Court Opinion

ID: 4723986
Source: CourtListenerOpinion
Date Created: 2021-08-12 02:48:11.610194+00
Date Added: 2024-06-11T08:07:45.250927
License: Public Domain

The opinion of the court was delivered by
Dunbar, J.
This is an action upon a judgment. Service of the summons and complaint was made, default of the respondent was noted and judgment entered against him on August 23, 1897. Thereafter respondent moved to set aside the default and judgment entered against him, which motion was sustained. It is stipulated that the respondent has no defense to the action other than the act of the legislature of 1897, approved March 6, 1897 (Laws 1897, p. 52; Bal. Code, §§ 5148-5150), entitled, “ An act relating to the duration of judgments and repealing sections 462 and 463, volume 2, Hill’s Code of Washington.” The act is as follows:
*208“ Section 1. After the expiration of six years from the rendition of any judgment it shall cease to be a lien or charge against the estate or person of the judgment debtor.
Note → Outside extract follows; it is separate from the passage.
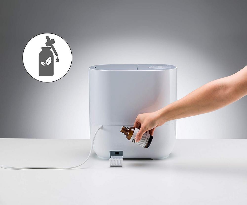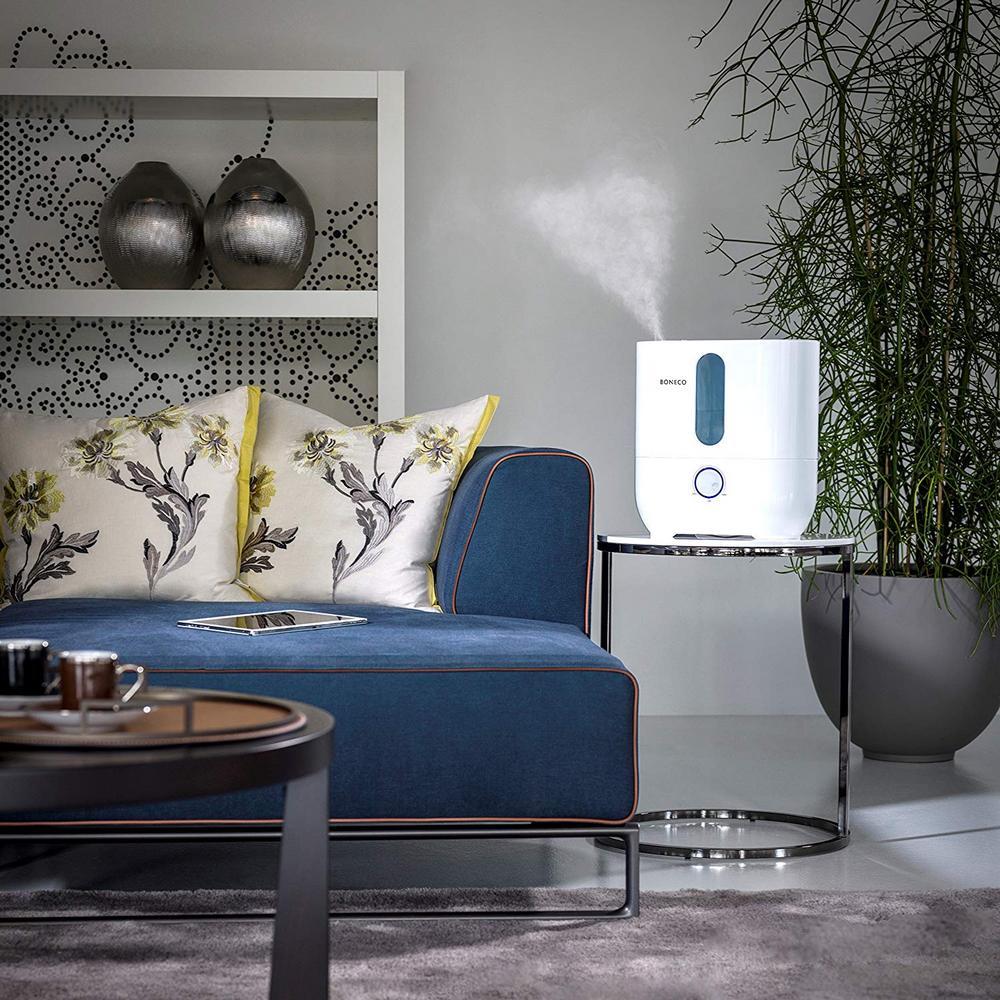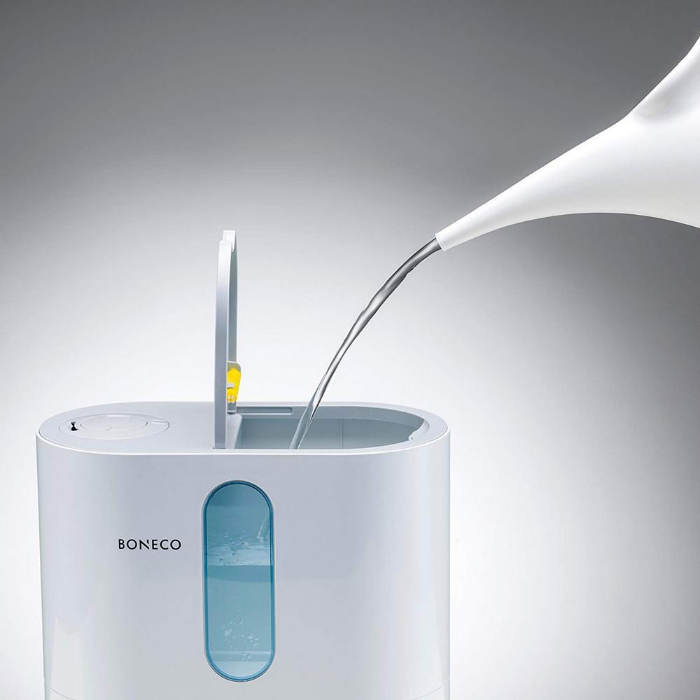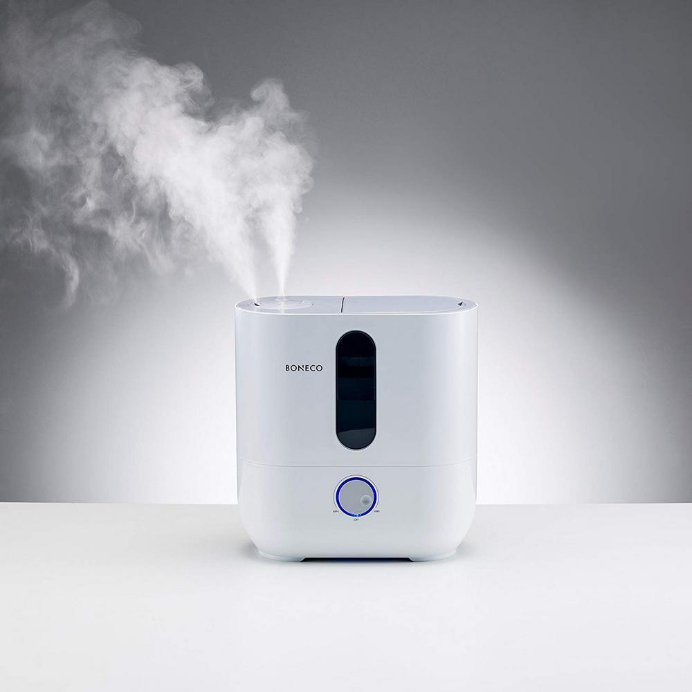 Zvlhčovač vzduchu Boneco U300 dôsledne bojuje proti suchému vzduchu. Je ideálnym pomocníkom pre každého, kto chce doma či v kancelárii čistý a zároveň ideálne vlhký vzduch. Vzduch zvlhčuje studenou hmlou, ktorá môže byť rozptýlená do priestoru v 2 smeroch pomocou trysky s dvojitým prúdom. Prístroj má plynulé nastavenie úrovne výkonu. Aby ste sa cítili naozaj dokonalo, zvlhčovač umožňuje použitie vonných látok a éterických olejov. V elegantnom bielom prevedení sa pritom dokonale hodí do každého moderného interiéru. Dizajn bol ocenený v medzinárodnej súťaži "RedDot".

“ Sec. 2. ISTo suit, action, or other proceedings shall ever be had on any judgment rendered in the State of Washington by which the lien or duration of such judgment, claim or demand, shall be extended or continued in force for any greater or longer period than six years from the date of the entry of the original judgment.
“ Sec. 3. When the lien of any judgment, as specified in section 1 of this act, has run six years, or its duration will be less than one year by reason of this act, then the lien of such judgment shall continue for one year from and after the taking effect of this act.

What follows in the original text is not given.